Makati open to revenue-sharing arrangement with Taguig



To end the tug-of-war over upscale Fort Bonifacio, the Makati city government on Thursday suggested a revenue-sharing arrangement with its rival Taguig.

Makati Mayor Jejomar Erwin Binay Jr. said the arrangement will be supervised by a special administrative body that will govern the Bonifacio Global City in Fort Bonifacio.

The body will be made up of representatives from Makati and Taguig.

“We want to show that this is not about revenues. We simply wanted to get back what is rightfully and historically ours,” Binay said.

“Makati wants to help the people of Taguig and we feel that a revenue-sharing scheme would be the best approach,” he added.

Binay said Makati has been contesting Taguig’s claim over the Global City, which is part of the Inner Fort area, even before the area became a business and commercial center.

“There were hardly any establishments in BGC in 1993 but we were already contesting Taguig’s claim,” he said.

He earlier assured Fort Bonifacio residents and businesses that Makati will not be collecting taxes this year, easing worries of those who paid their taxes in Taguig.

He also said there will be no tax increases amid efforts to unify the tax rates of Makati and Fort Bonifacio, which is currently using Taguig’s rate.

“Now that we are able to take hold of the Bonifacio Global City, we are also contemplating that we could now lower rates because there’s a lot of money to be collected, more than enough,” he said.

Binay pointed out that Makati survived despite not being able to collect taxes from Bonifacio Global City for the past 20 years.

“If we are lower then we’ll retain our rates.
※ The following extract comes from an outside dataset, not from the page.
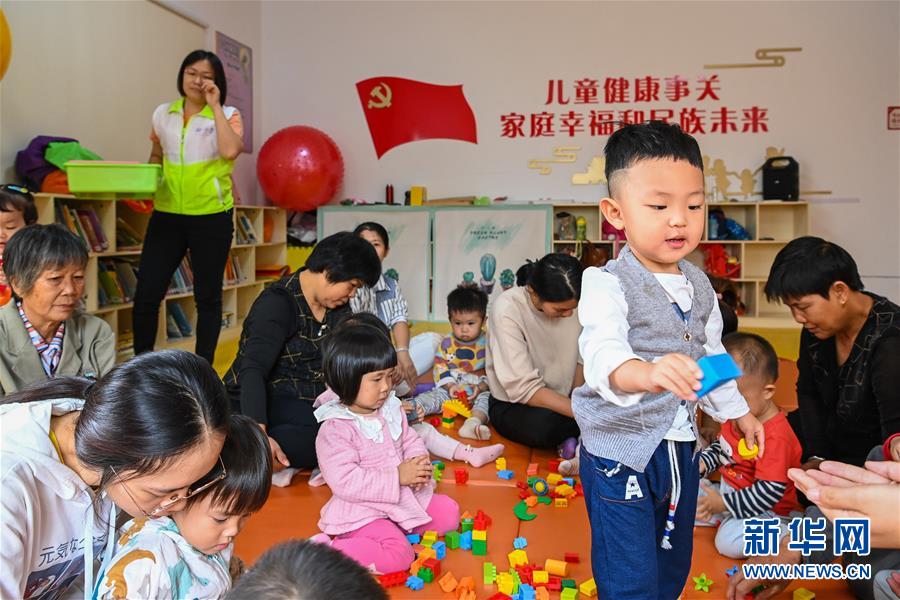 小朋友和家长在黄龙村幼教活动室玩耍(11月4日摄)。黄龙村设立免费幼教班,解决儿童入园前阶段教育培养问题。 黄龙村曾是广东佛山顺德区20个“经济发展较慢村”之一,集体经济收入、农村人均收入、股份分红远低于全区平均水平。2012年12月以来,黄龙村以党建引领基层治理和乡村振兴,推动各项事业实现高质量发展,2019年黄龙村农村居民人均纯收入达2.8万元。 新华社记者 刘大伟 摄
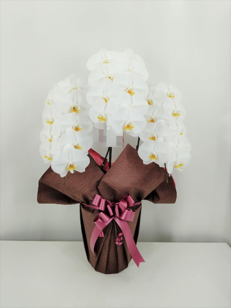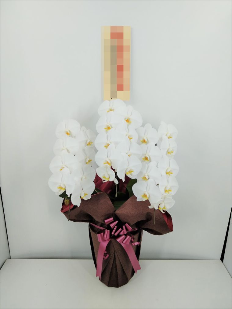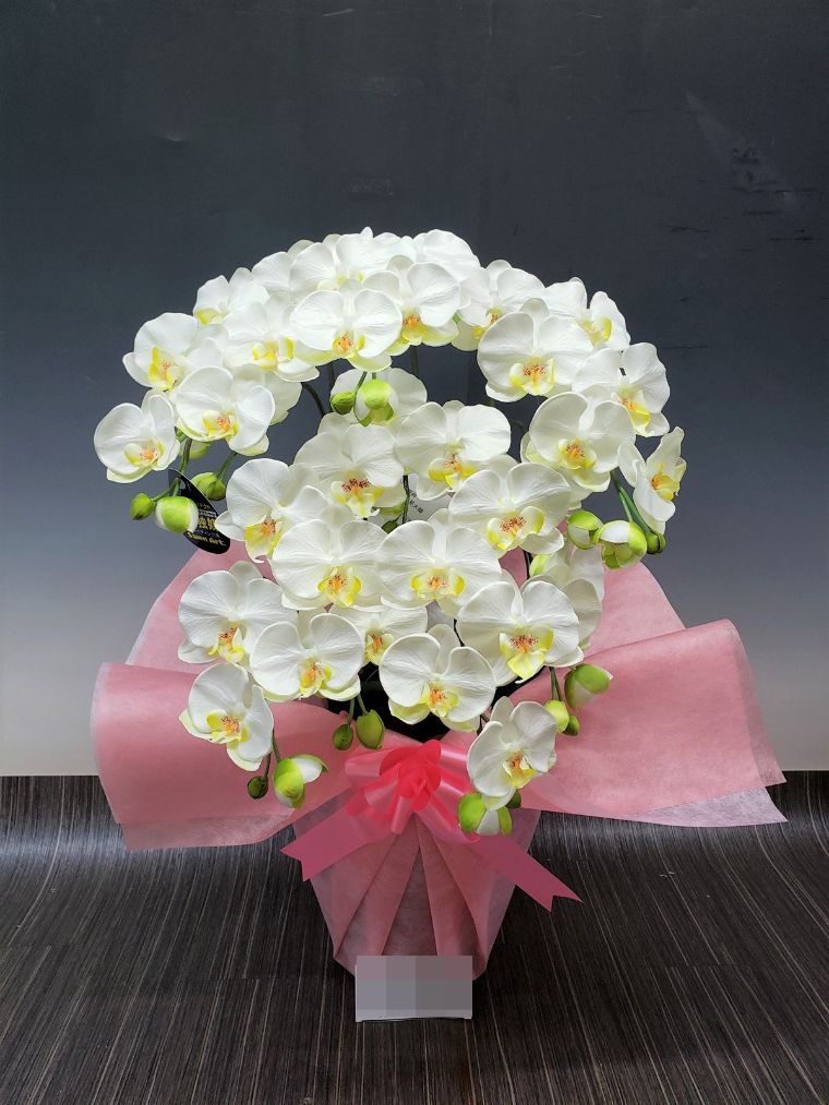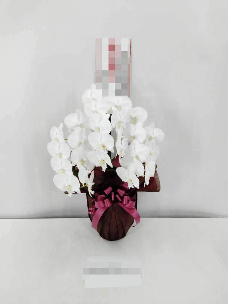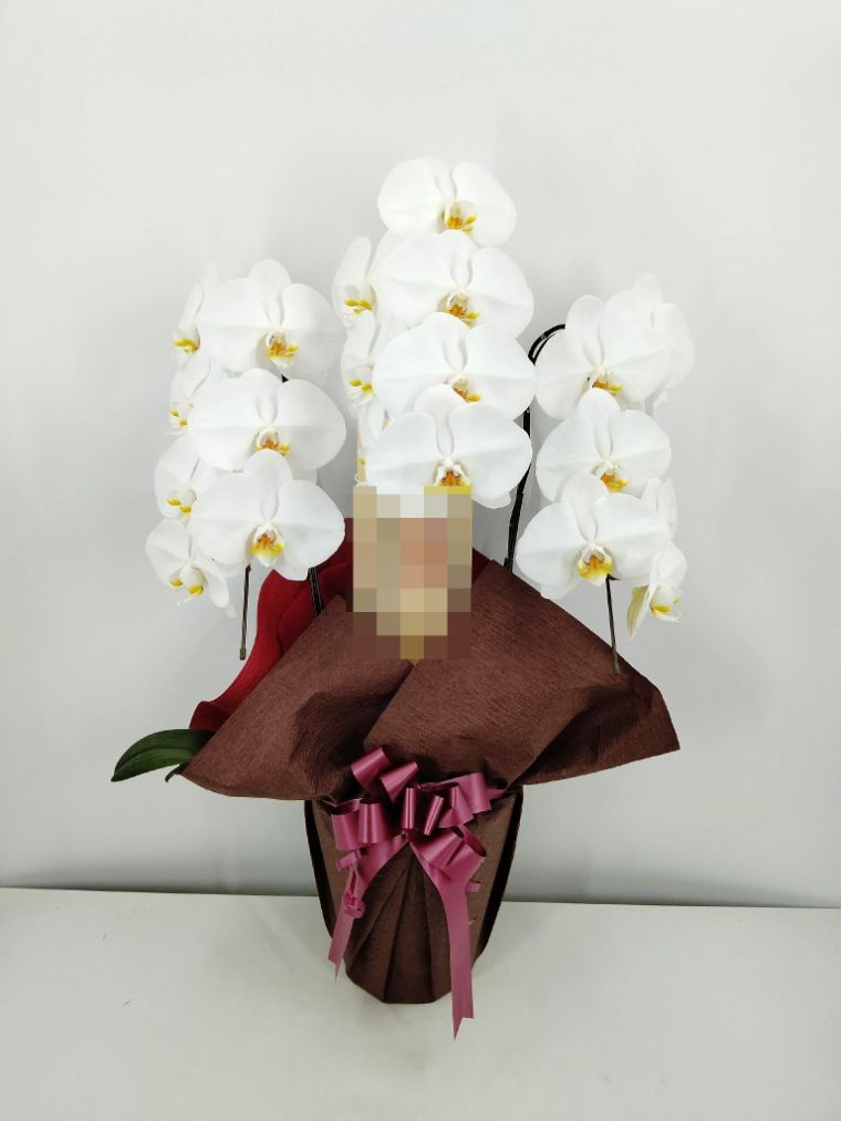 胡蝶蘭の実際にお届けした写真です。花秘書では発送前に写真をメールで送信致しますので安心して大切な顧客や取引様へのギフトにご利用頂けます。

If we are higher, we’ll bring it down to Taguig’s rates,” he said.

He refuted claims that Taguig has “relatively lower tax rates.”
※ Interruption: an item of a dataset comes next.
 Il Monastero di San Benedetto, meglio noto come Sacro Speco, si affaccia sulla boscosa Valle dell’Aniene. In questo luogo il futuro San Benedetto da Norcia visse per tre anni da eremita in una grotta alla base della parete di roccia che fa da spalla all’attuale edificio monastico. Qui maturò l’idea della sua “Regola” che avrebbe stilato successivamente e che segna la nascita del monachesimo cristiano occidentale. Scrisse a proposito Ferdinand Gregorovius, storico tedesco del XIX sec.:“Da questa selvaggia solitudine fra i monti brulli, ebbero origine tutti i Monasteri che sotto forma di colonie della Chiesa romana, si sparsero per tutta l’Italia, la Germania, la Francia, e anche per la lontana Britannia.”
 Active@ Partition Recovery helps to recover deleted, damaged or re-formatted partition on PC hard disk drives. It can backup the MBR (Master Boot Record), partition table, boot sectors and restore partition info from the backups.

“Considering that Makati is the country’s premier financial center, our current tax rates are competitive, even lower in certain fields,” Binay said.

As an example, he said the assessment level used by Makati in computing real property tax (RPT) for commercial lots is 40 percent, while Taguig’s is 50 percent.

The assessed value of a commercial property worth P24 million would be P9.6 million in Makati and P12 million in Taguig, Binay pointed out.

Although Makati’s 3 percent property tax rate is higher than Taguig’s 2.5 percent, the lower assessed value of a commercial property in Makati results in lower RPT due per annum: P288,000 for Makati and P300,000 for Taguig in the case cited.

Makati has also a lower assessment level for residential lots – 12 percent compared to Taguig’s 20 percent, and subsequently charges a lower RPT than Taguig even though its tax rate of 2.5 percent is higher than Taguig’s two percent.

The assessment level is fixed by a city ordinance.

The Court of Appeals Sixth Division has ruled on the long-running territorial dispute between the two cities, upholding Makati’s jurisdiction over the more than 729-hectare portion of Fort Bonifacio, which is home to Bonifacio Global City.

The court ordered Taguig “to immediately cease and desist from exercising jurisdiction within the disputed area and return the same to Makati,” after noting that Taguig failed to present evidence to support its claim.

In 1993 Taguig filed a case before the Pasig Regional Trial Court to prevent Makati from claiming jurisdiction over Fort Bonifacio. In July 1994 the court ruled in Taguig’s favor.

Since its revised Revenue Code took effect in 2006, the city government of Makati has not increased its taxes, yet its revenue collections from business and real property taxes continued to rise annually and it has remained deficit-free for the past 26 years.